Another of the incongruous aspects of the court process is the tension between the purported aim of finding out ‘what really happened’ in relation to an alleged offence, and the practical impossibility – in many cases – of establishing a definitive version of events. In a criminal trial, defence and prosecution battle over competing accounts of ‘the truth’, neither of which may be grounded in objective reality. Indeed, the complexities and messiness of much alleged offending is such that the very existence of an objective reality can sometimes be called into question. Even where a case is dealt with by way of a guilty plea rather than a trial – as applies to the large majority of cases passing through the Crown Court – this does not mean that an uncontested, unambiguous version of ‘the truth’ of the offence has been established. Rather, a guilty plea is often reached through a process of negotiation and compromise between prosecution and defence over the nature and details of the offence.
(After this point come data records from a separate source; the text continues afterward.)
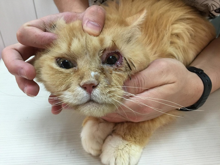懷疑可能是繁殖場因生病而丟棄在路邊的種貓。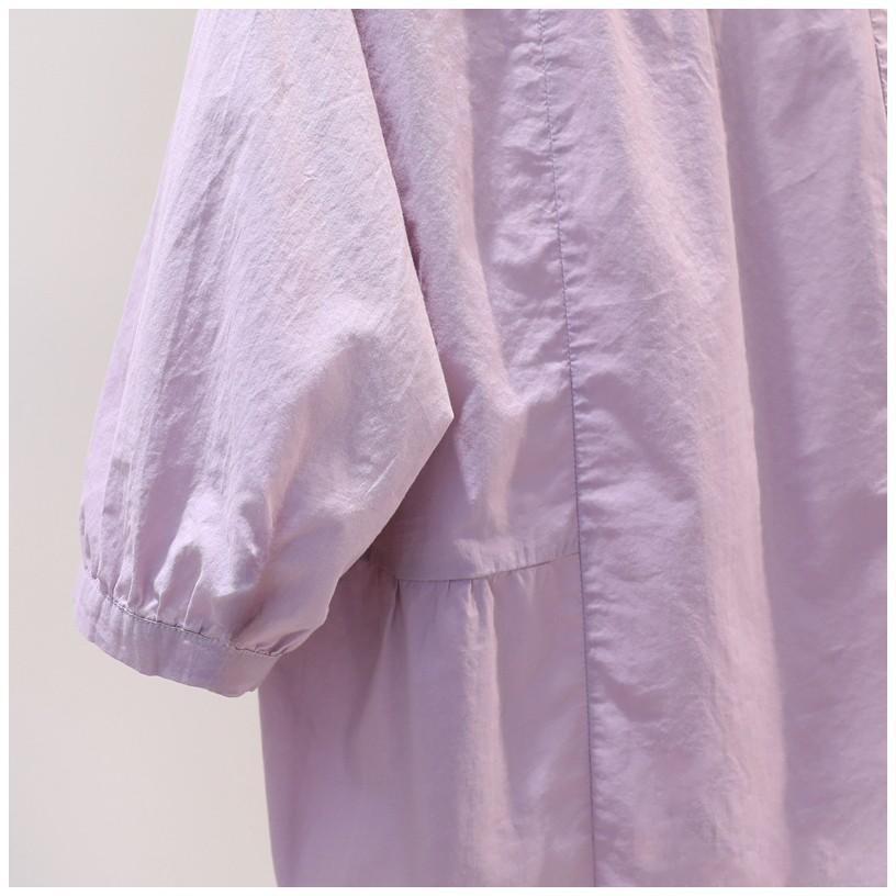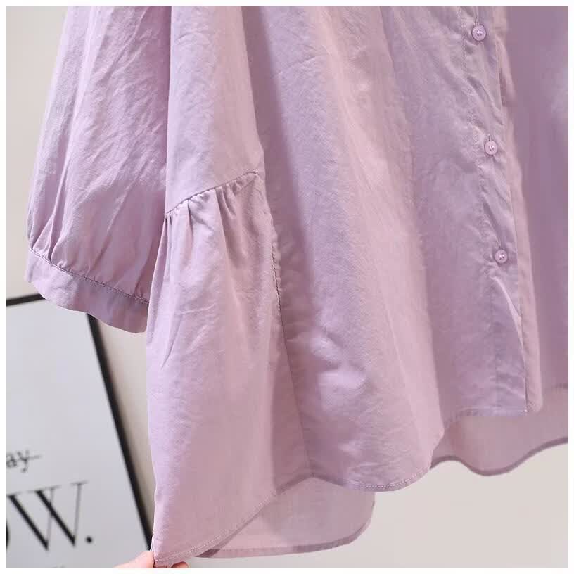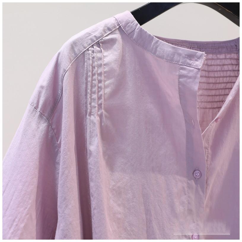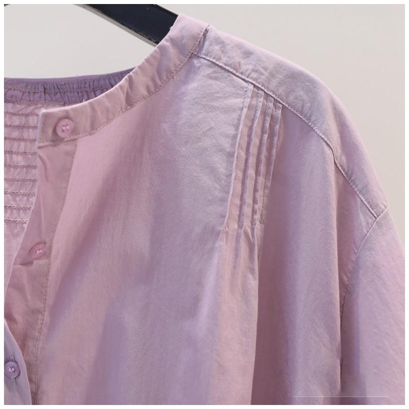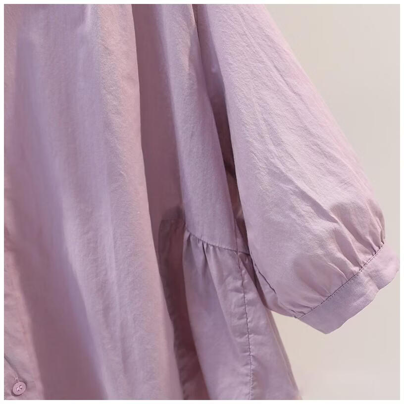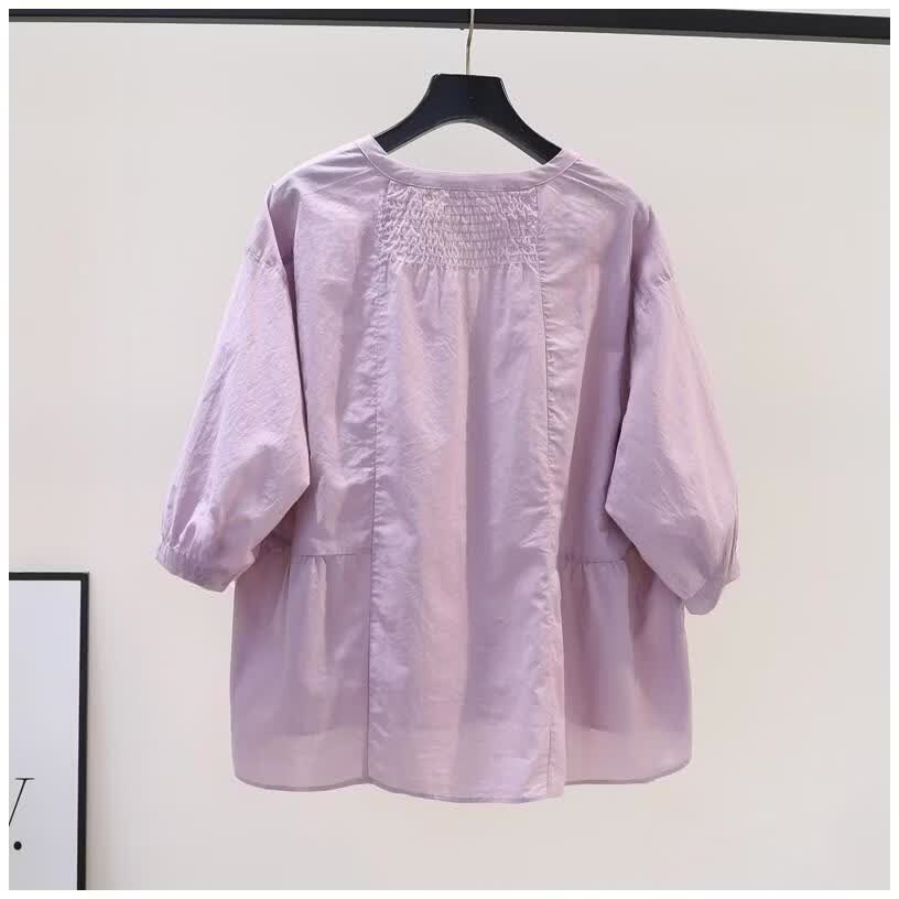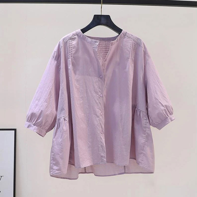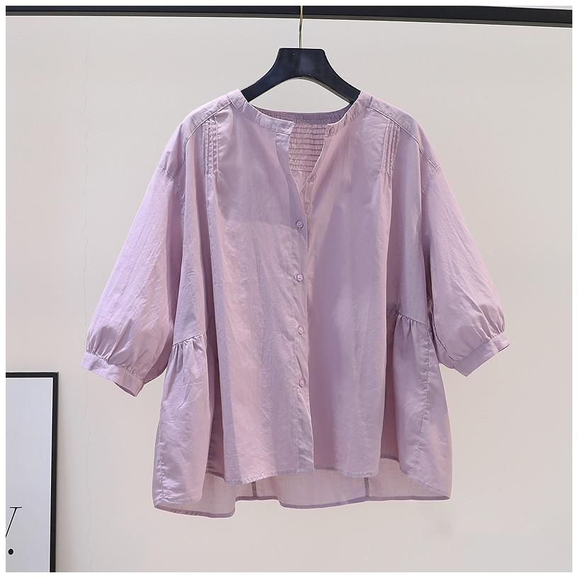 子牧棉麻2026春夏装 女洋气小衫宽松显瘦圆领开衫五分袖衬衫上衣8013 紫色 M (建议95-115斤)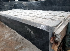 В ходе следующего этапа мы практически завершили работы с наземным покрытием: уложили всю территорию участка гранитной брусчаткой, а перед основаниями для новых памятников соорудили прямоугольные цветники, борта которых были выполнены из чёрного гранита.

It is notable that during the court process the search for an objective truth is constantly undercut by an emphasis on subjectivity. In a trial, for example, the jury is told to return a guilty verdict only if the case against the defendant has been proven beyond reasonable doubt. In order to ‘prove’ its case, the prosecution usually takes the greatest care to demonstrate the objectivity of the evidence it places before the jury; and often the defence case depends on refuting these claims to objectivity. Meanwhile, the judge frequently reiterates to the jury that they must make their decision only on the basis of the ‘facts’ presented to them. But at the same time as the jury are told to focus on the objective facts of the case, so too they are told time and again to exercise their ‘judgement’; to draw, collectively, on their ‘life experiences’ in their deliberations; to use their ‘common sense’. How else, after all, can decisions be made about whom to believe among witnesses presenting diametrically opposed versions of the same event, or differing interpretations of the same, supposedly objective, evidence?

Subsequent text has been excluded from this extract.